"Don't trouble yourself. I intend to marry Blanche in my own good time; but I will not be hurried, and am going to Stoneleigh first."

And he went to Stoneleigh and tried all the way there to think of Bessie as she looked in the park, in the old faded gown with the disfiguring puffs; tried to make himself believe that she had no manner, no style, and would not pass for a great lady among people city bred; that she was better suited to some quiet home such as Grey Jerrold might give her, were he happy enough to win her. Neil had no doubt that Grey would try to win her when once he had seen her, and he began at last to feel sorry that he had invited his friend to Stoneleigh, and to have doubts as to his ability to give Bessie up even to him. He was sure of it when he reached Stoneleigh and saw her with the brightness on her face and the sparkle in her eye as she welcomed him. She might not be as elegant or as stylish as Blanche, who had lived in the city all her life, but she was inexpressibly sweet and womanly, and there was in every movement a grace and quiet dignity which stamped her as a lady. And Neil recognized it as he never had before, and fought the battle over again all through the silent night, and was still fighting it in the morning when he went down to breakfast and looked at Bessie as she poured his coffee, in her gray dress and pretty white muslin apron, with the daintily frilled pockets, and just the corner of a blue-bordered handkerchief showing in one of them. Neil liked the dress and the effect of the blue handkerchief but he did not like the apron, it made her look so like a housemaid, and he told her so when breakfast was over and they stood a moment alone by the fire.

Reddening a little, Bessie answered him, laughingly; "Yes, you told me once before that you did not like my apron, and I know it would be out of place on your mother or Blanche, but it suits me, for you see I am housemaid here, and clear my own table and wash my own silver and china. Dorothy is old and has the rheumatism in her feet, and I must help; so, Mr. Aristocrat, if you do not wish to see me degrade myself, just go and take a walk, and when you come back the obnoxious apron shall be laid aside and we will practice that song you brought me."

Neil did not go out and walk, but staid in the dining-room and smoked his cigar, and looked at Bessie as she cleared away the breakfast dishes and washed the silver and china, with her sleeves drawn half-way to her elbows, showing her round, white arms.

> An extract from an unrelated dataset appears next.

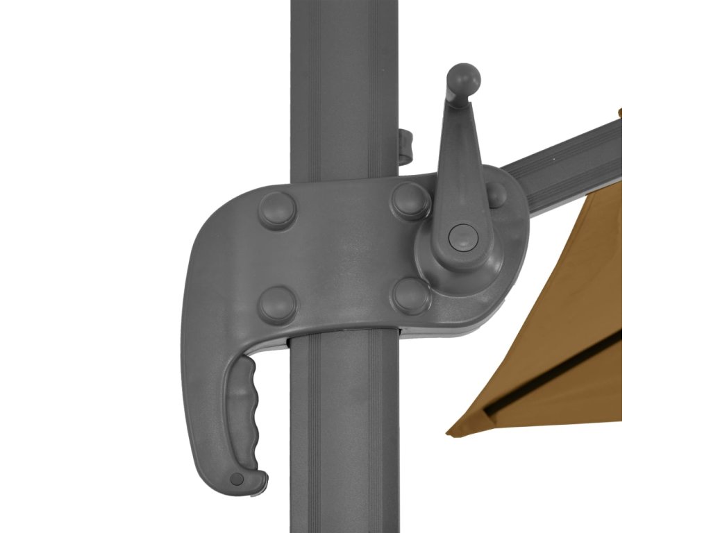 Ochranný kryt slunečníku je vyroben z polyesteru s UV ochranou a odolností proti blednutí, poskytuje vám optimální ochranu před sluncem a snadno se čistí. Má pevnou křížovou základnu pro větší stabilitu. Náš zahradní slunečník lze snadno otevřít a zavřít pouhým otočením knoflíku na tyči. Úhel krytu lze nastavit stisknutím a zatažením rukojeti nahoru a dolů. Střední tyč lze také otáčet o 360 stupňů pomocí pedálu. Silná práškově lakovaná hliníková tyč spolu s 8 odolnými žebry činí tento slunečník velmi stabilním a odolným. Montáž je snadná.

"Yes, she is just suited to America, where, I believe, the women all wear aprons and wash their own dishes," Neil thought, as he watched her with a strange feeling in his heart of pain and happiness; happiness that for a few days at least she was his to look at, to love, to caress; pain that the days were so few and so short when he must leave her.

And then there arose before him, as in a vision, a picture of a quiet home amid green hedge-rows and sunny lanes, not a home such as Blanche's would be, with gorgeous surroundings and liveried servants everywhere, but such a home as makes a man better for living in it; a home where the housewifely Bessie was the presiding goddess, flitting about just as she was doing now, putting away the silver and china, brushing up the hearth, moving a chair here and another there, watering her pots of flowers in the conservatory, tea-roses and carnations and heliotrope and lilies all in bloom and filling the room with sweet perfume as if it were the summer-time, instead of chill December with its biting blasts sweeping against the windows.

"There!" Bessie said, at last, removing her apron, pulling down her sleeves, and smoothing her bright wavy hair, "I have dismissed the housemaid, and now I am ready to sing for you, or play chess, or do whatever you like."

But Neil was in no mood for singing or playing chess, or even talking much, and his fit of abstraction lasted all day, or until late in the afternoon, when Bessie began to speak of getting herself in readiness for Grey, who was to come in the evening train from Carnarvon. Then Neil roused, and as if he had nerved himself for the sacrifice, manifested a great deal of interest with regard to Bessie's personal appearance.

"I want you to get yourself up stunningly," he said, "so as to make a good first appearance. I have told Grey so much about you that he must not be disappointed."

"Ridiculous! I shall wear just what I wore yesterday, bow and all, for I like it," Bessie said, with a little defiant toss of her head.